The government’s banking watchdog is set to get back on the job this week after a court order stopped President Donald Trump’s administration from dismantling the Consumer Financial Protection Bureau.
On Friday, Judge Amy Berman Jackson ordered the White House to reinstate fired employees, restore contracts, and give employees of the CFPB office space or remote work access. The ruling was a sweeping rebuke of the actions Trump and his cost-cutting advisor, Elon Musk, took in February to dismantle the agency. In ordering the injunction, Jackson sided with a bureau union and consumer groups who had sued the Trump administration to reverse the actions of acting bureau director Russell Vought.

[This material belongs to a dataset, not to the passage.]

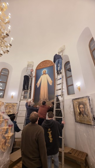 21 декабря 2025 года после богослужения во временном храме иконы Божией Матери «Неупиваемая Чаша», активные прихожане храма обустроили алтарь нового храма в честь священномученика Серафима, чтобы установить икону Спасителя в белом хитоне в киоте понадобилось 4 часа подготовки и 10 человек прихожан, другие собратья перенесли в новый храм напольные киоты с иконами и установили их там. Также после были установлены колонки для трансляции Богослужений в храме. Жены мироносицы храма в это время убирали храм и вымывали полы от строительной пыли. Работы начались после утреннего Богослужения в храме, а закончились вечером. Благодарим дорогих прихожан, которые пришли помочь, результат общих трудов был потрясающим, мы вместе, с молитвой и Божией Помощью смогли соделать все, что наметили, и даже больше! В уборке храма и помощи, также участвовал молодежный актив храма и наши дорогие детки из Воскресной школы. Спаси Вас Господь!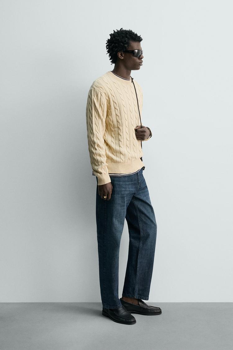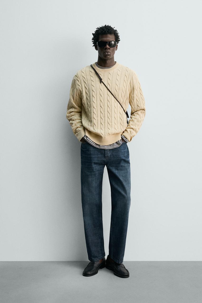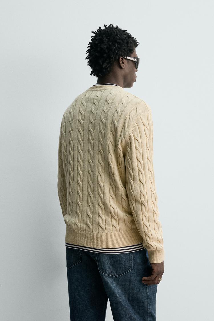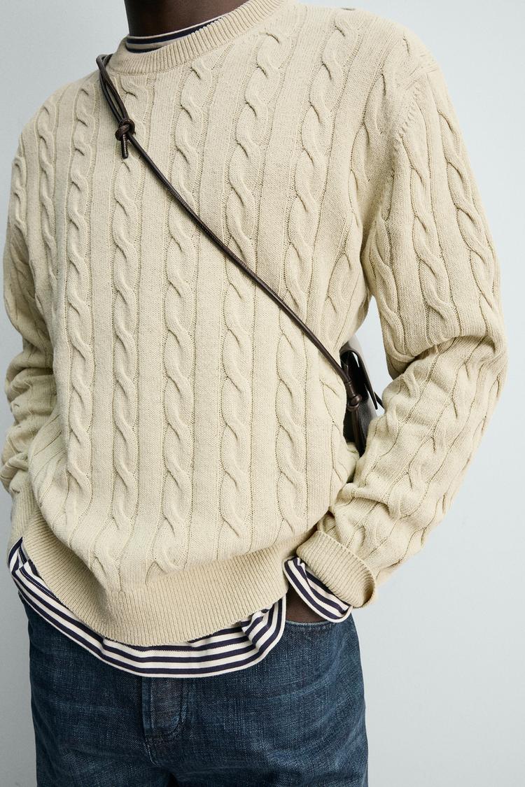 ZARA СВИТЕР ИЗ СМЕСОВОГО ХЛОПКА С УЗОРОМ «КОСЫ», ВАНИЛЬНЫЙ

The legal dispute over the CFPB is one of many courtroom battles currently being waged over the extent to which Trump and his Department of Government Efficiency have the authority to stop spending and government agencies’ work without Congressional approval.
What’s Next for the CFPB?
Jackson’s injunction wasn’t the last word on the CFPB’s fate, but it was meant to preserve the agency and its operations while the legal dispute played out. Bloomberg Law reported that the Trump administration is filing an appeal to overturn the injunction.

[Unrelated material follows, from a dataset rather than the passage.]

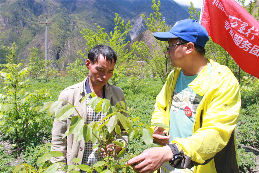 田疇織錦繡,沃野好風(fēng)光。4月22日,康定市金湯鎮(zhèn)先鋒二村核桃種植基地里熱鬧非凡,來自四川農(nóng)業(yè)大學(xué)、省林科院的專家組正在給當(dāng)?shù)厝罕娺M(jìn)行農(nóng)業(yè)技術(shù)培訓(xùn)。新品種栽培模式、新優(yōu)品種介紹、土肥水管理和病蟲害防治……一項(xiàng)項(xiàng)種植戶所需的實(shí)用技術(shù)在田間地頭進(jìn)行面對(duì)面手把手的指導(dǎo)和交流。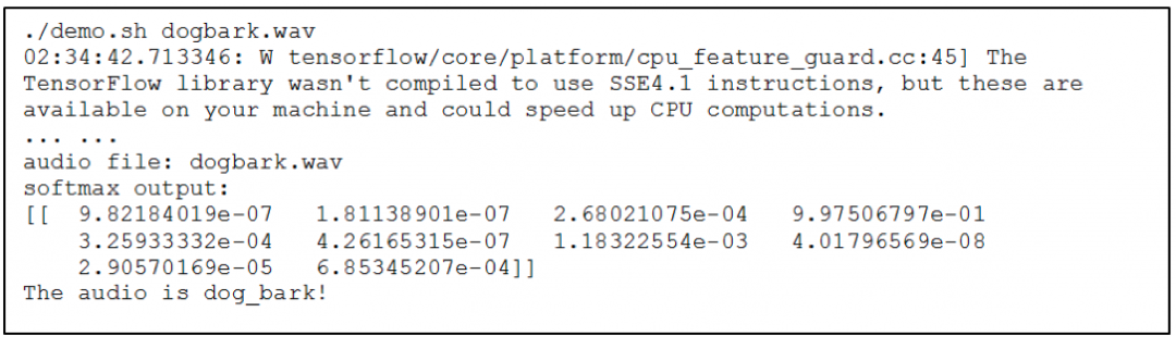 如对于这个模型 , 当给定一个正常的狗叫的音频文件,应用可以识别声音内容为 “dog bark”,其过程如下:

“Absent an injunction freezing the status quo—preserving the agency’s data, its operational capacity, and its workforce—there is a substantial risk that the defendants will complete the destruction of the agency completely in violation of law well before the Court can rule on the merits, and it will be impossible to rebuild,” Jackson wrote in a 112-page opinion.
The CFPB, established after the Great Financial Crisis, is tasked with supervising financial institutions and punishing companies that harm consumers. Since its inception, Republicans have criticized the bureau and called for its elimination, arguing that it imposes onerous rules on banks and financial companies.